> **What to do**: If an entry holds an image, leave that image out and transcribe everything else exactly.

> **Data in this exercise**:
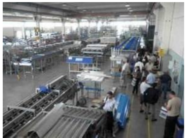
Visita a stabilimenti con tecnologia di avanguardia

Organizzata congiuntamente con la Fondazione ProMendoza, imprenditori di Mendoza del settore della frutta, hanno realizzato una missione tecnico-impreditoriale nelle Regioni produttrici dell'Italia. Il gruppo di impresari hanno visitato vivai, coltivazioni, stabilimenti di elaborazione e metalmeccaniche d'appoggio al settore. Con professori e ricercatori dell'Università di Bologna hanno analizzato le tecniche innovative di produzione e conservazione da poter essere utilizzate nelle loro aziende argentine.
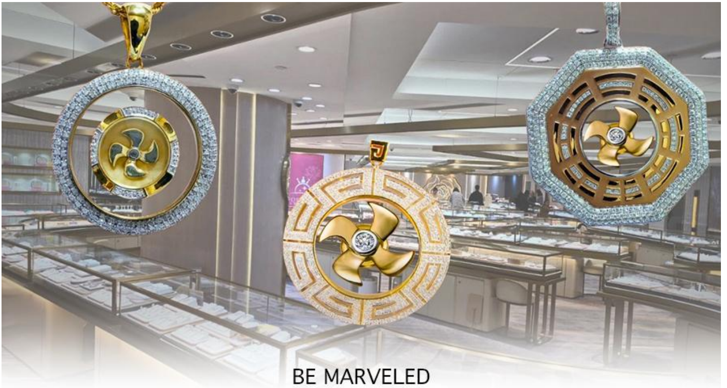
BE MARVELED ศูนย์ฮวงจู้ย กังหันเศรษฐี

นำท่านชม ศูนย์ฮวงจู้ย กังหันเศรษฐี ที่ขึ้นชื่อของฮ่องกง ท่านจะได้พบกับงานดีไซน์ที่ได้รับรางวัลยอดเยี่ยม และใช้ในการเสริมดวงเรื่องฮวงจู้ย ศูนย์ฮวงจู้ยกังหันเศรษฐี วัดเซ่งจี้ "ไม่ใช่ชื่อวัดโดยตรง แต่เป็นชื่อที่เกี่ยวข้องกับ วัดเซ่งจี้ (Che Kung Temple) ในฮ่องกง ซึ่งเป็นที่รู้จักกันดีในเรื่อง กังหันนำโชค ที่เชื่อว่าสามารถหมุนปิดเป่าสิ่งชั่วร้ายและนำโชคลาภเข้ามาในชีวิต
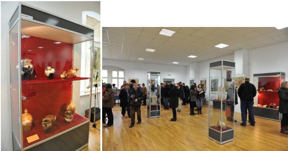
Expoziție de restaurare: Clujul Arheologic , Muzeul de Istorie al Transilvaniei, 2015.

Restauratorul se află mereu între problemele teoretice și noile materiale și metodologii de intervenție adăugându-se la acestea și partea economică. Astfel, un restaurator practician trebuie să fie foarte atent la teoria generală a restaurării picturilor murale, la noile tendințe teoretice, pentru a putea să le coreleze la noile materiale aplicate în metodologii, dar în același timp să păstreze o utilizare minimală a acestora sub regula minimei intervenții asupra unui artefact așa cum reținem cu toții din cărțile lui Cesare Brandi, Teoria dell restauro și Teoria e pratica dell restauro .
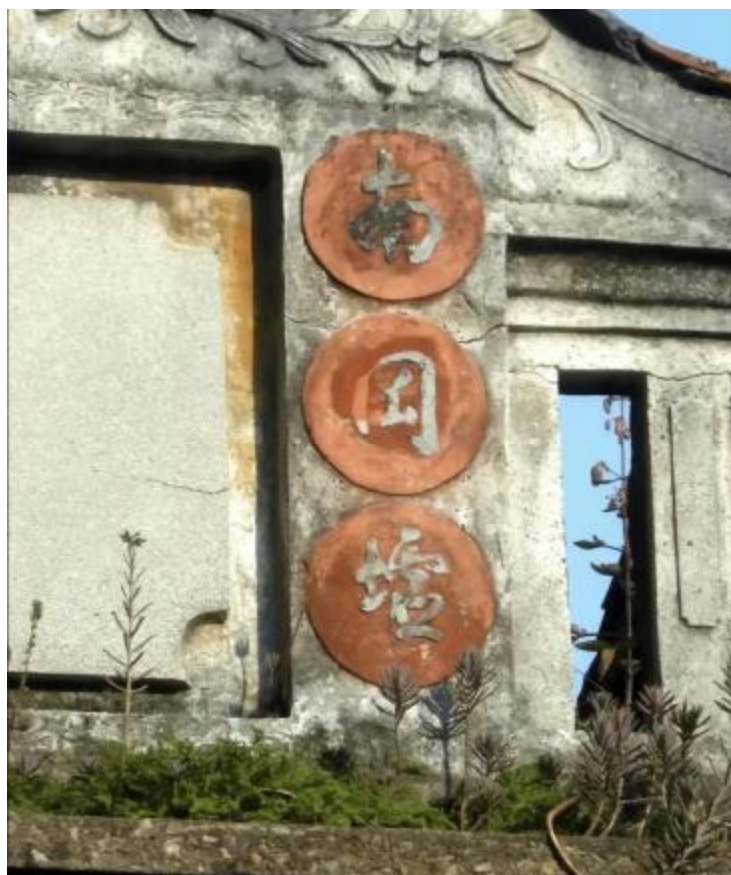
图 5 南岗圩
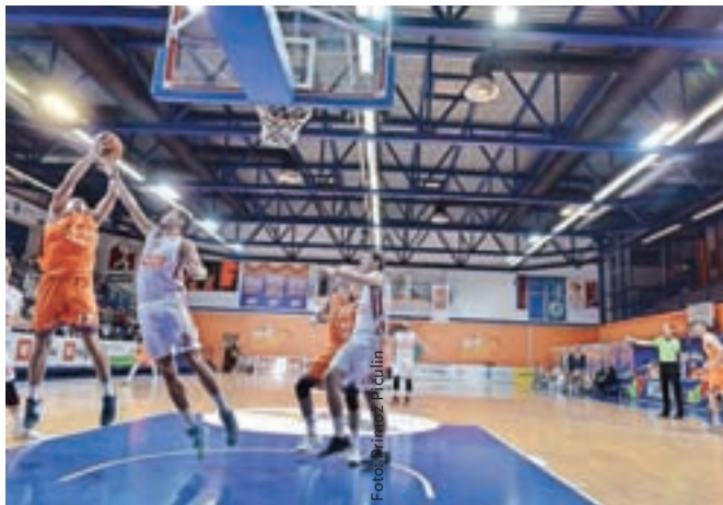
Košarkarji ekipe Helios Suns so v domači dvorani slavili prvo zmago v ligi ABA 2, saj so ugnali moštvo Vršca.
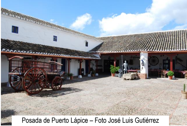
Posada de Puerto Lápice

Estaban acaso a la puerta dos mujeres mozas, de esas que llaman del partido, las cuales iban a Sevilla con unos arrieros [...].
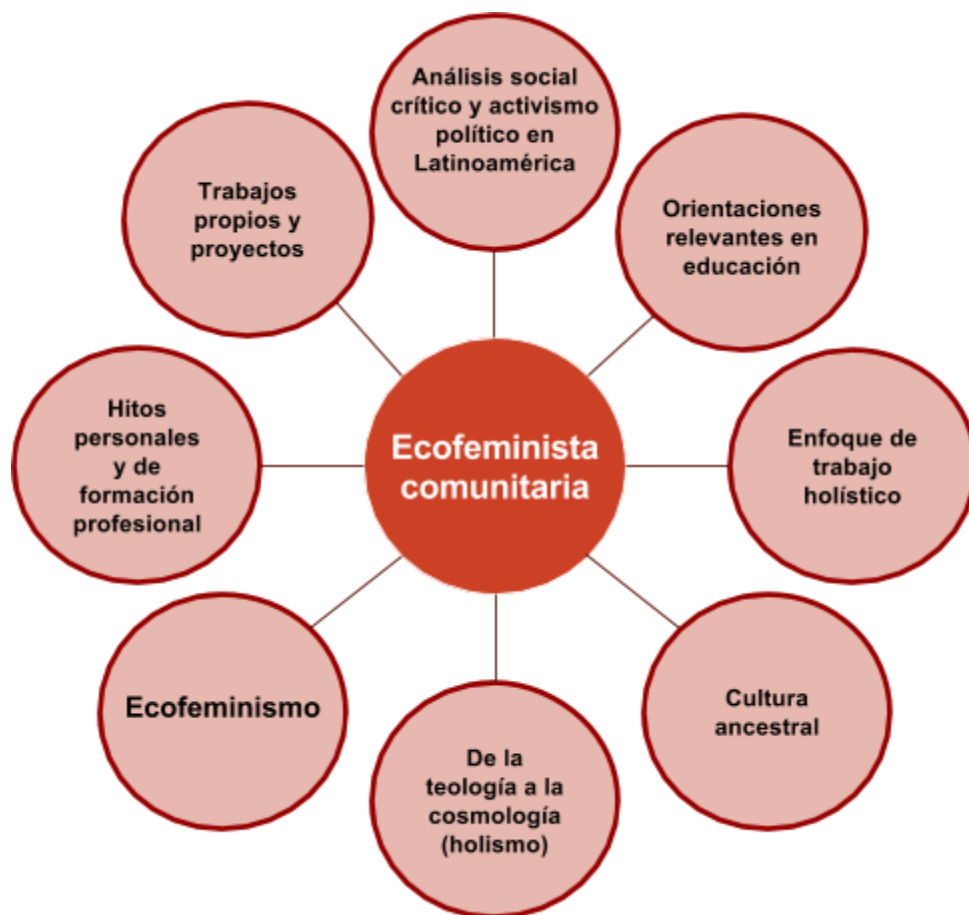
Figura 3. Categorías y núcleo de contenido: relato de Judith Resz.
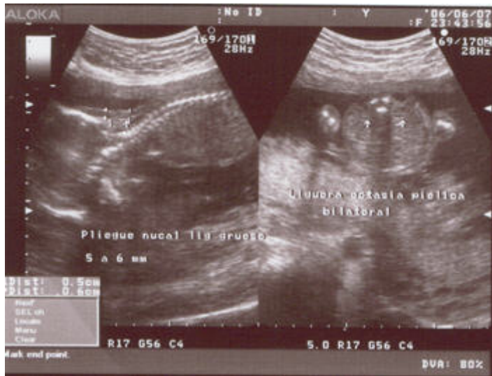
Foto No. 1 Pliegue Nucal de 5-6mm y ectasia piélica bilateral ligera
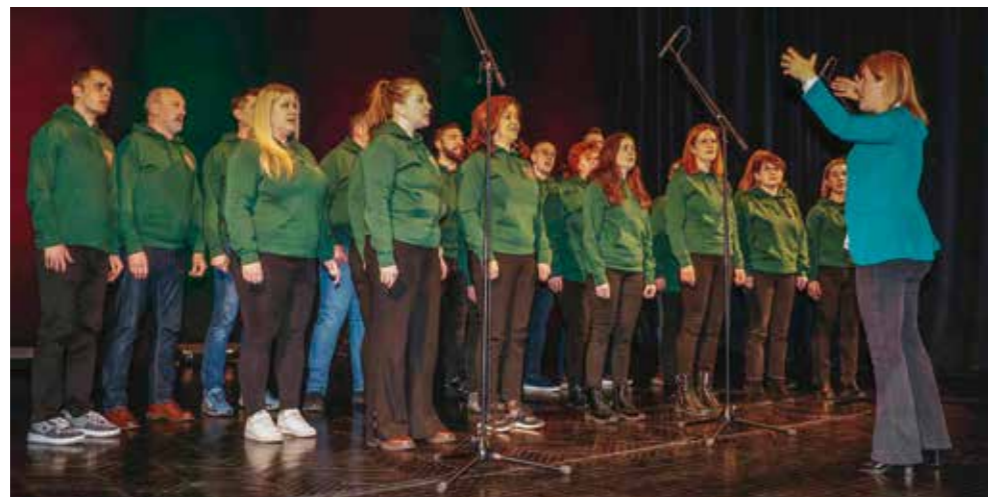
Kad zapjeva zlatni ivanečki zbor
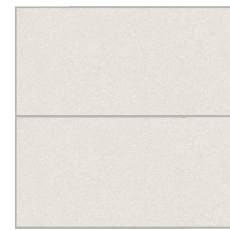
Fliesen Feinsteinzeug Format 30 / 60 Kreuzfuge
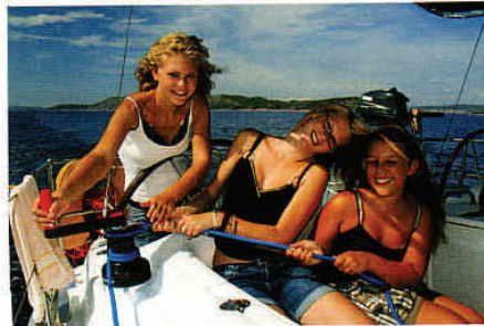
Die Crew legt sich mit Spaß ins Zeug.

Die Seglercrew ist mit dem Flieger von Deutschland aus direkt nach Zadar geflogen - auch der Airport von Split liegt nur gut 100 Autokilometer entfernt, die über die schnelle Küstenautobahn
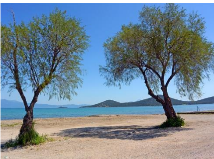
Στις θάλασσες συναντάμε αλμυρίκια .
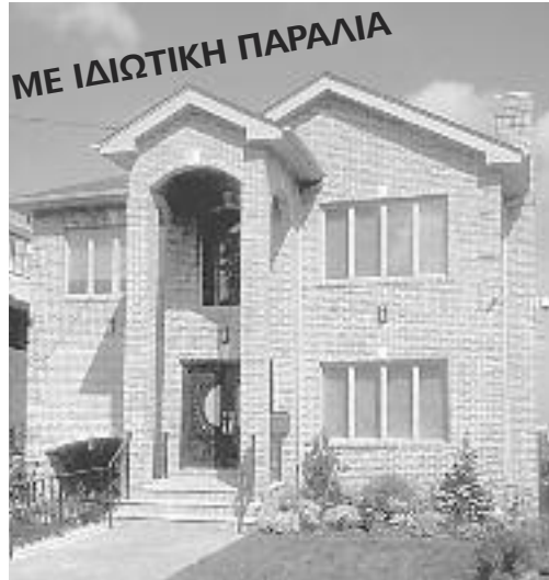
BEECHURST, WATERFRONT-CUSTOME BUILT CENTER HALL COLONIAL $3.5

Μεγάλο καθιστικό με τζάκι, DR, ειδικά κατασκευασμένη μεγάλη κουζίνα (ΕΙΚ), δωμάτιο ψυχαγωγίας, τέσσερα μεγάλα BR, 4 μπάνια, τελειωμένο υπόγειο, γκαράζ για δύο αυτοκίνητα και σκάφος, σε οικόπεδο 20.000 τ.π. Πάνω στο κύμα.
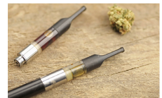
Vapeador usado con aceite THC
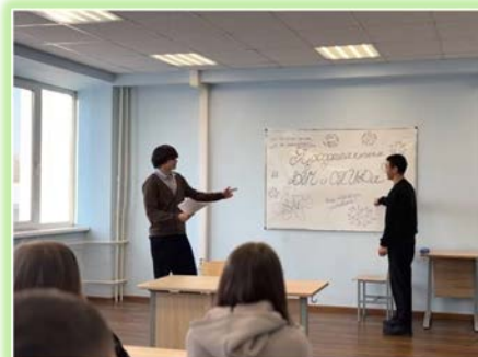
ФГБОУ ВО (Колледж) Иркутский институт (филиал) ФГБОУ ВО «ВГУЮ»
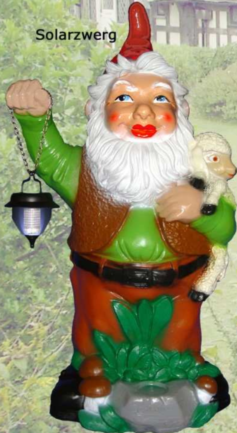
831 03 97 cm groß
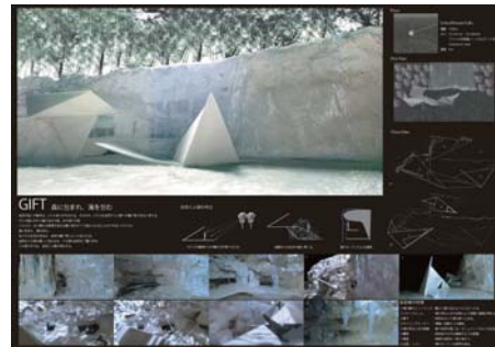
第12回ハーフェレ学生デザインコンペ 松葉大吾 (B4)+末本佳香 (B2)
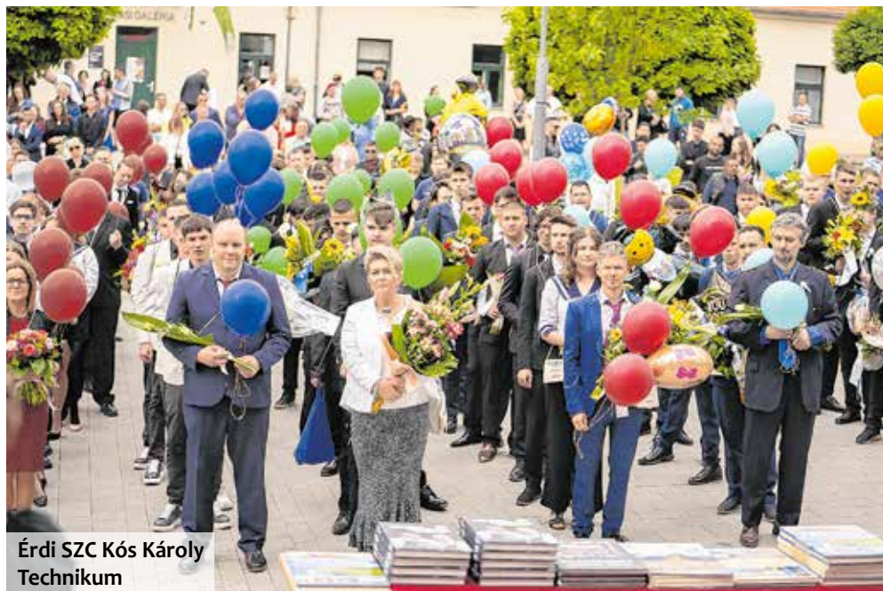
Érdi SZC Kós Károly Technikum
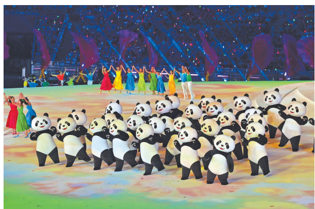
7月28日，演员在开幕式上表演。
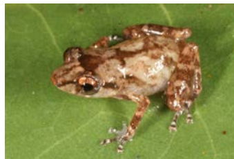
Diasporus vocator Martillita; ♂
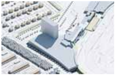
Illustration: Palmeby &amp; Elfvig Arkitekt
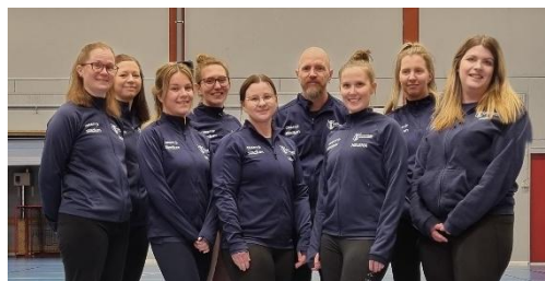
Några av våra ledare 2025
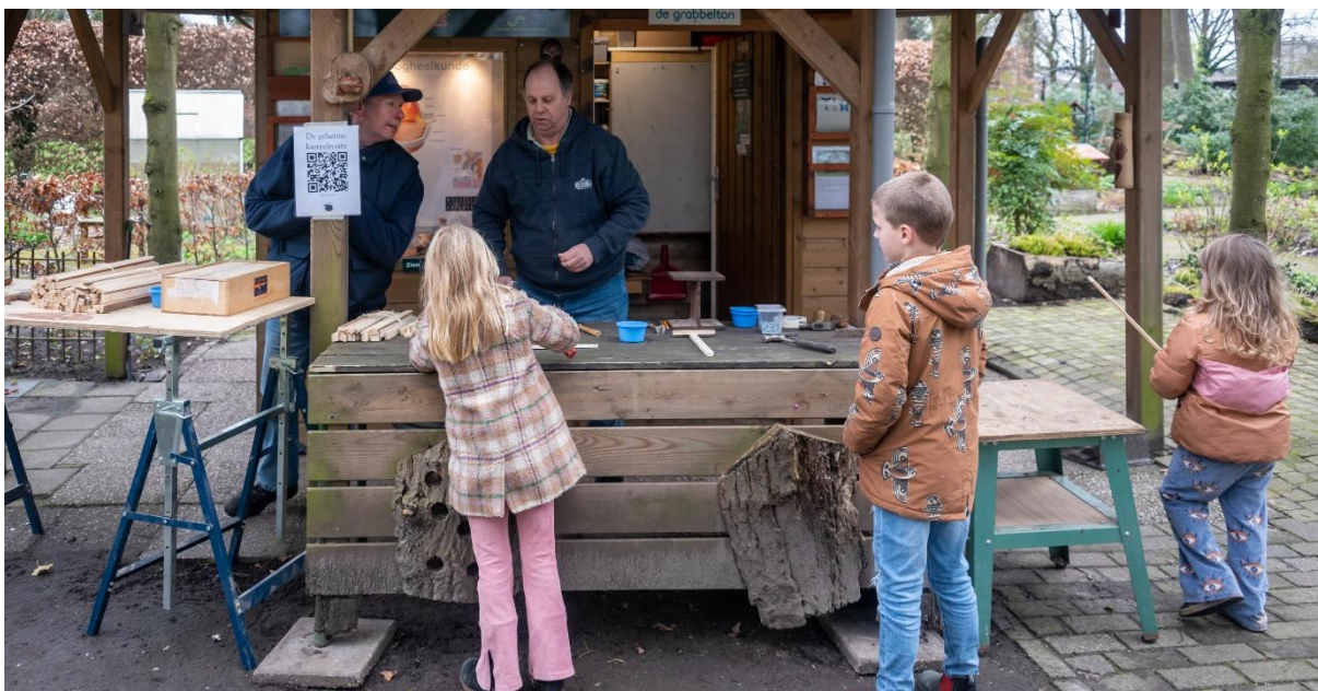
Foto: zwaardenmaken in de Zintuigentuin tijdens de Landgoedddag op 1 april 2024

Kasteel Zintuigentuin werkt nauw samen met de Kinderboerderij. Het doel is natuureducatie voor jong en oud en extra aandacht voor jeugdige bezoekers en mensen met beperkingen, waaronder rolstoelers. De Kinderboerderij heeft veel speelactiviteiten voor de kinderen en laat bezoekers kennis maken met de dierlijke zintuigen. De Zintuigentuin concentreert zich op de menselijke zintuigen.
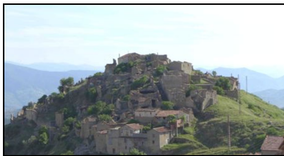
Aghouren, village vidé et bombardé en 1957

On ne peut pas dire que « le pays des droits de l'Homme », se soit très bien comporté, à ce moment-là.
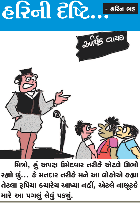
મિત્રો, હું અપદ્ધ ઉમેદવાર તરીકે એટલે ઊભો રહ્યો છું... કે મતદાર તરીકે મને આ લોકોએ કહ્યા તેટલા રૂપિયા કચારેય આપ્યા નહીં, એટલે નાણૂટકે મારે આ પગલું લેવું પડ્યું.
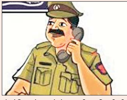
है, लेकिन पूरे मामले में उक्त वरीय अधिकारी की खूब किचकिरी हो रही है।

पुलिस सूत्रों ने बताया कि पूरे रामगढ़ में पुलिस विभाग के एक वरीय अधिकारी को खूब बदनाम किया जा रहा है। उनका नाम लेकर कुछ अधिकारियों को हड़काया जा रहा है। यह सब रामगढ़ में तैनात एक दारोगा कर रहा है। सूत्रों पर भरोसा करें, तो इस कहानी के पीछे एक अहम लॉजिक है। उक्त अधिकारी पहले भी कोयला तस्करों का स्वाद ले चुका है। इसलिए उसे पता है कि कोयले की कमाई में तपिश कितनी है। इसी को लेकर वह रामगढ़ में कोयला तस्करों की कमान अपने हाथों में लेना चाहता है, ताकि उसका रामगढ़ आने का सपना सच हो सके। हालांकि यह रणनीति कितनी कामयाब होगी, वह तो दूर की बात
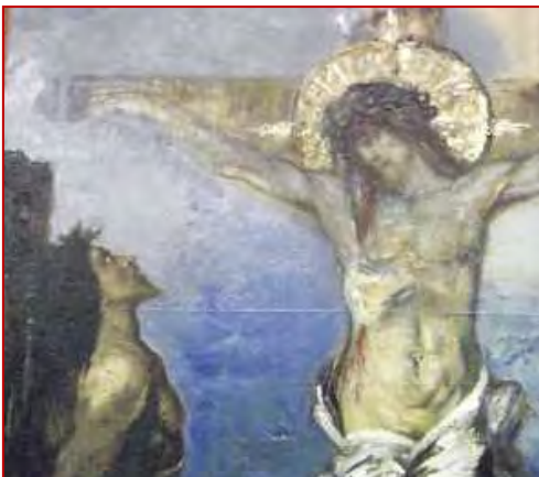
L'ascèse est nécessaire dans la vie spirituelle

OUI et c'est précisément parce qu'il réagit contre certains excès que le charismatisme attire les catholiques troublés par la crise, mais pour les ramener aux erreurs qui causent cette terrible crise. De même que le pentecôtisme a ramené au protestantisme ceux que son excessive rigidité faisait fuir en masse.
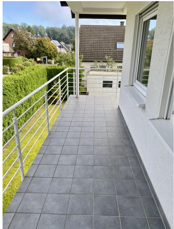
--- und hier № 2!
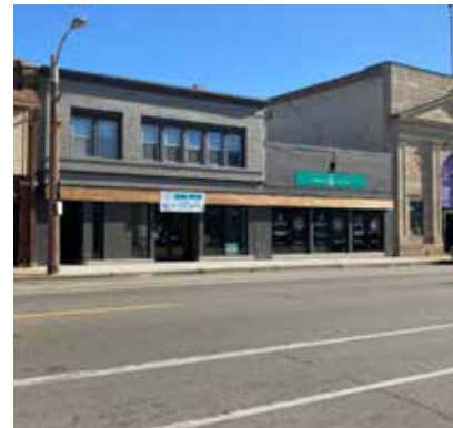
Urbal Tea después de implementar la subvención de fachadas

> **Exercise solution**:
Visita a stabilimenti con tecnologia di avanguardia

Organizzata congiuntamente con la Fondazione ProMendoza, imprenditori di Mendoza del settore della frutta, hanno realizzato una missione tecnico-impreditoriale nelle Regioni produttrici dell'Italia. Il gruppo di impresari hanno visitato vivai, coltivazioni, stabilimenti di elaborazione e metalmeccaniche d'appoggio al settore. Con professori e ricercatori dell'Università di Bologna hanno analizzato le tecniche innovative di produzione e conservazione da poter essere utilizzate nelle loro aziende argentine.
BE MARVELED ศูนย์ฮวงจู้ย กังหันเศรษฐี

นำท่านชม ศูนย์ฮวงจู้ย กังหันเศรษฐี ที่ขึ้นชื่อของฮ่องกง ท่านจะได้พบกับงานดีไซน์ที่ได้รับรางวัลยอดเยี่ยม และใช้ในการเสริมดวงเรื่องฮวงจู้ย ศูนย์ฮวงจู้ยกังหันเศรษฐี วัดเซ่งจี้ "ไม่ใช่ชื่อวัดโดยตรง แต่เป็นชื่อที่เกี่ยวข้องกับ วัดเซ่งจี้ (Che Kung Temple) ในฮ่องกง ซึ่งเป็นที่รู้จักกันดีในเรื่อง กังหันนำโชค ที่เชื่อว่าสามารถหมุนปิดเป่าสิ่งชั่วร้ายและนำโชคลาภเข้ามาในชีวิต
Expoziție de restaurare: Clujul Arheologic , Muzeul de Istorie al Transilvaniei, 2015.

Restauratorul se află mereu între problemele teoretice și noile materiale și metodologii de intervenție adăugându-se la acestea și partea economică. Astfel, un restaurator practician trebuie să fie foarte atent la teoria generală a restaurării picturilor murale, la noile tendințe teoretice, pentru a putea să le coreleze la noile materiale aplicate în metodologii, dar în același timp să păstreze o utilizare minimală a acestora sub regula minimei intervenții asupra unui artefact așa cum reținem cu toții din cărțile lui Cesare Brandi, Teoria dell restauro și Teoria e pratica dell restauro .
图 5 南岗圩
Košarkarji ekipe Helios Suns so v domači dvorani slavili prvo zmago v ligi ABA 2, saj so ugnali moštvo Vršca.
Posada de Puerto Lápice

Estaban acaso a la puerta dos mujeres mozas, de esas que llaman del partido, las cuales iban a Sevilla con unos arrieros [...].
Figura 3. Categorías y núcleo de contenido: relato de Judith Resz.
Foto No. 1 Pliegue Nucal de 5-6mm y ectasia piélica bilateral ligera
Kad zapjeva zlatni ivanečki zbor
Fliesen Feinsteinzeug Format 30 / 60 Kreuzfuge
Die Crew legt sich mit Spaß ins Zeug.

Die Seglercrew ist mit dem Flieger von Deutschland aus direkt nach Zadar geflogen - auch der Airport von Split liegt nur gut 100 Autokilometer entfernt, die über die schnelle Küstenautobahn
Στις θάλασσες συναντάμε αλμυρίκια .
BEECHURST, WATERFRONT-CUSTOME BUILT CENTER HALL COLONIAL $3.5

Μεγάλο καθιστικό με τζάκι, DR, ειδικά κατασκευασμένη μεγάλη κουζίνα (ΕΙΚ), δωμάτιο ψυχαγωγίας, τέσσερα μεγάλα BR, 4 μπάνια, τελειωμένο υπόγειο, γκαράζ για δύο αυτοκίνητα και σκάφος, σε οικόπεδο 20.000 τ.π. Πάνω στο κύμα.
Vapeador usado con aceite THC
ФГБОУ ВО (Колледж) Иркутский институт (филиал) ФГБОУ ВО «ВГУЮ»
831 03 97 cm groß
第12回ハーフェレ学生デザインコンペ 松葉大吾 (B4)+末本佳香 (B2)
Érdi SZC Kós Károly Technikum
7月28日，演员在开幕式上表演。
Diasporus vocator Martillita; ♂
Illustration: Palmeby &amp; Elfvig Arkitekt
Några av våra ledare 2025
Foto: zwaardenmaken in de Zintuigentuin tijdens de Landgoedddag op 1 april 2024

Kasteel Zintuigentuin werkt nauw samen met de Kinderboerderij. Het doel is natuureducatie voor jong en oud en extra aandacht voor jeugdige bezoekers en mensen met beperkingen, waaronder rolstoelers. De Kinderboerderij heeft veel speelactiviteiten voor de kinderen en laat bezoekers kennis maken met de dierlijke zintuigen. De Zintuigentuin concentreert zich op de menselijke zintuigen.
Aghouren, village vidé et bombardé en 1957

On ne peut pas dire que « le pays des droits de l'Homme », se soit très bien comporté, à ce moment-là.
મિત્રો, હું અપદ્ધ ઉમેદવાર તરીકે એટલે ઊભો રહ્યો છું... કે મતદાર તરીકે મને આ લોકોએ કહ્યા તેટલા રૂપિયા કચારેય આપ્યા નહીં, એટલે નાણૂટકે મારે આ પગલું લેવું પડ્યું.
है, लेकिन पूरे मामले में उक्त वरीय अधिकारी की खूब किचकिरी हो रही है।

पुलिस सूत्रों ने बताया कि पूरे रामगढ़ में पुलिस विभाग के एक वरीय अधिकारी को खूब बदनाम किया जा रहा है। उनका नाम लेकर कुछ अधिकारियों को हड़काया जा रहा है। यह सब रामगढ़ में तैनात एक दारोगा कर रहा है। सूत्रों पर भरोसा करें, तो इस कहानी के पीछे एक अहम लॉजिक है। उक्त अधिकारी पहले भी कोयला तस्करों का स्वाद ले चुका है। इसलिए उसे पता है कि कोयले की कमाई में तपिश कितनी है। इसी को लेकर वह रामगढ़ में कोयला तस्करों की कमान अपने हाथों में लेना चाहता है, ताकि उसका रामगढ़ आने का सपना सच हो सके। हालांकि यह रणनीति कितनी कामयाब होगी, वह तो दूर की बात
L'ascèse est nécessaire dans la vie spirituelle

OUI et c'est précisément parce qu'il réagit contre certains excès que le charismatisme attire les catholiques troublés par la crise, mais pour les ramener aux erreurs qui causent cette terrible crise. De même que le pentecôtisme a ramené au protestantisme ceux que son excessive rigidité faisait fuir en masse.
--- und hier № 2!
Urbal Tea después de implementar la subvención de fachadas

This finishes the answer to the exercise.